In addition, after the labels are sorted according to the weight values of the label quality, the embodiment can also perform two-round sorting according to the comprehensive confidence of each label, and select thousands of labels in the sequence as the final label labeling result according to the two-round sorting result. It should be noted that in some other embodiments, the embodiment may set the corresponding weight threshold and the confidence threshold to filter the tags.

In some optional embodiments, the process of performing natural language analysis on the text content in the method step S200 and generating semantic tags according to the analysis result may include steps S210-S240:

s210, extracting a description text from a video file, and formatting the description text to obtain first formatting information;

specifically, in the implementation process, because the short video has good structural information, the title Name and Description of the video can be acquired, and by cutting the Name and Description according to special characters such as _ or "" or |, standardized processing is performed, { T_name1....T_namejDenotes a set of text information after normalization processing.

S220, extracting a subtitle text from the video file;

specifically, in the implementation process, the video physical file can be acquired through a video source address, and the video subtitles are extracted.

S230, performing natural language processing on the first formatting information and the subtitle text to obtain a key entity matrix;

specifically, in the implementation process, the text information matrix learns the features by using a GRU-based network structure, the features of all text information (including first formatting information and subtitle text) are accessed to a CRF decoding layer to complete sequence labeling, and corresponding word boundaries and parts of speech in the text information and the relation between entity categories are output.
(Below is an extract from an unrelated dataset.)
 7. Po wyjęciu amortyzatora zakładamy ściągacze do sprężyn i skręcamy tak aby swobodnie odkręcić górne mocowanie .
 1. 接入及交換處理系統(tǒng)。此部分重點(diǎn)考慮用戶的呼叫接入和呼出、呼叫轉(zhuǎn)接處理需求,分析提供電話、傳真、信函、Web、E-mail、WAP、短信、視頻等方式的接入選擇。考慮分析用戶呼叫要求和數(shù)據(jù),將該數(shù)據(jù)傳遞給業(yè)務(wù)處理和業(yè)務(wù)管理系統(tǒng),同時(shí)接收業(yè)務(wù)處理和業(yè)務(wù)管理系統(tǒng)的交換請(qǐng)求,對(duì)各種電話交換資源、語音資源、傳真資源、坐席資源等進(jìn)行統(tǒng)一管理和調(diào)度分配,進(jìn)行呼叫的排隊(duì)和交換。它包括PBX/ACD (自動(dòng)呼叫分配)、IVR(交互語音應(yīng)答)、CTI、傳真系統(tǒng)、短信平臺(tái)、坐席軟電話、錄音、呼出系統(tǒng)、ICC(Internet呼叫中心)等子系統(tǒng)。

The output part-of-speech tags contain 24 part-of-speech tags (lower case letters), 4 professional category tags (upper case letters), and the names of people, places, organizations and TIME are marked by upper case and lower case (PER/LOC/ORG/TIME and nr/ns/nt/t), wherein the lower case represents information such as names of people with low degree of position. Finally, the key entity matrix is output by deleting non-key entities such as adjectives, adverbs, quantifiers, pronouns, prepositions, adverbs and the like:

wherein Entity_iRepresents a representation from { T }_name1....T_namejObtaining the ith de-duplicated key entity;

IMP_iwhich indicates the degree of importance of the correspondence,

wherein the word frequency

Representing an Entity_iIn { T_name1....T_namejThe number of occurrences/i in (j),

representation contains Entity_iTname + 1.
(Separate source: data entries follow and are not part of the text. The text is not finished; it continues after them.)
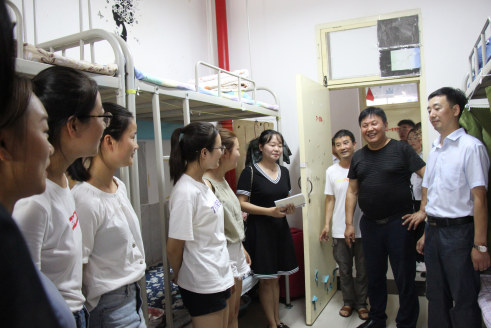 9月2日下午,我院党总支书记王辉老师,院长杨哲老师,学工办主任刘泽桢老师,辅导员魏麟老师,薛涛老师以及随行的学生会成员对18级新生宿舍进行了看望了2018级新生。 在新生宿舍里,新生们以朝气蓬勃的面貌和热烈的掌声欢迎我院领导和老师的到来,师生之间就生活中的问题进行交流。
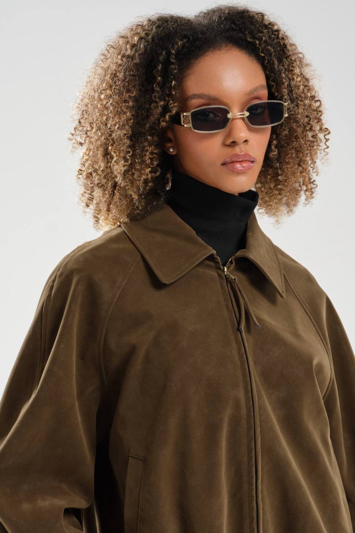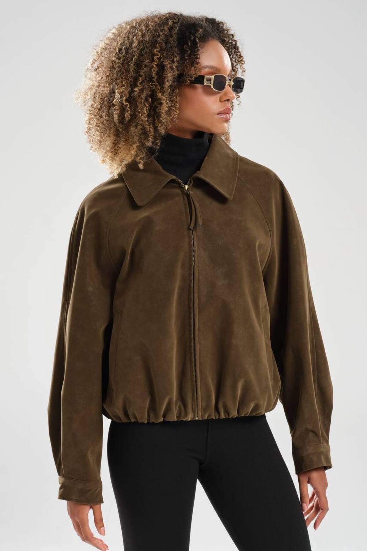 Kadın Süet Deri Etek Ucu Balon Tasarım Ceket Kadın Süet Deri Etek Ucu Balon Tasarım Ceket TW3-21095 L
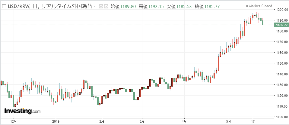 1ドル=1181ウォン
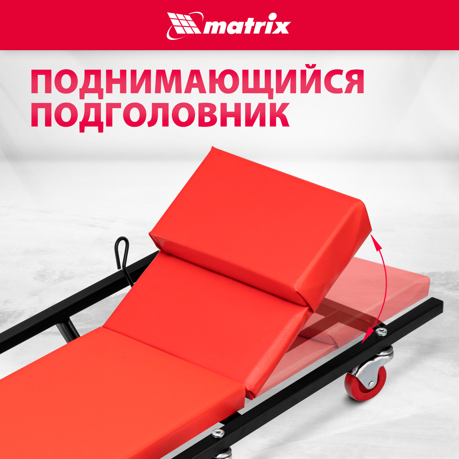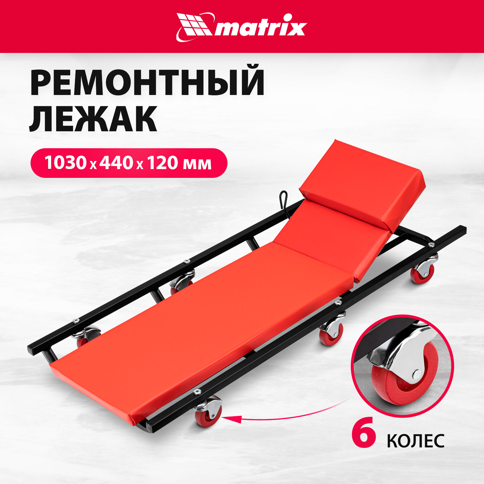 Лежак ремонтный на 6-ти колесах, 1030 х 440 х 120 мм, поднимающийся подголовник// Matrix

S240, inputting the key entity matrix into a semantic prediction model, and determining a semantic label according to a model prediction result;

specifically, in the implementation process, a key entity matrix array (entity) [: 0 ] is obtained]Putting the semantic prediction model into the semantic prediction model, and outputting corresponding labels and confidence coefficient matrixes

Wherein Tag_izRepresentation according to Entity_iAcquired label and confidence CL_izAccording to the completion matrix compression under the same Tag, finally generating no repetition according to the text accuracy

A prediction tag matrix PredTag ordered from high to low; most preferablyFinal return of array (PredTag) [: K]The tag information of (1).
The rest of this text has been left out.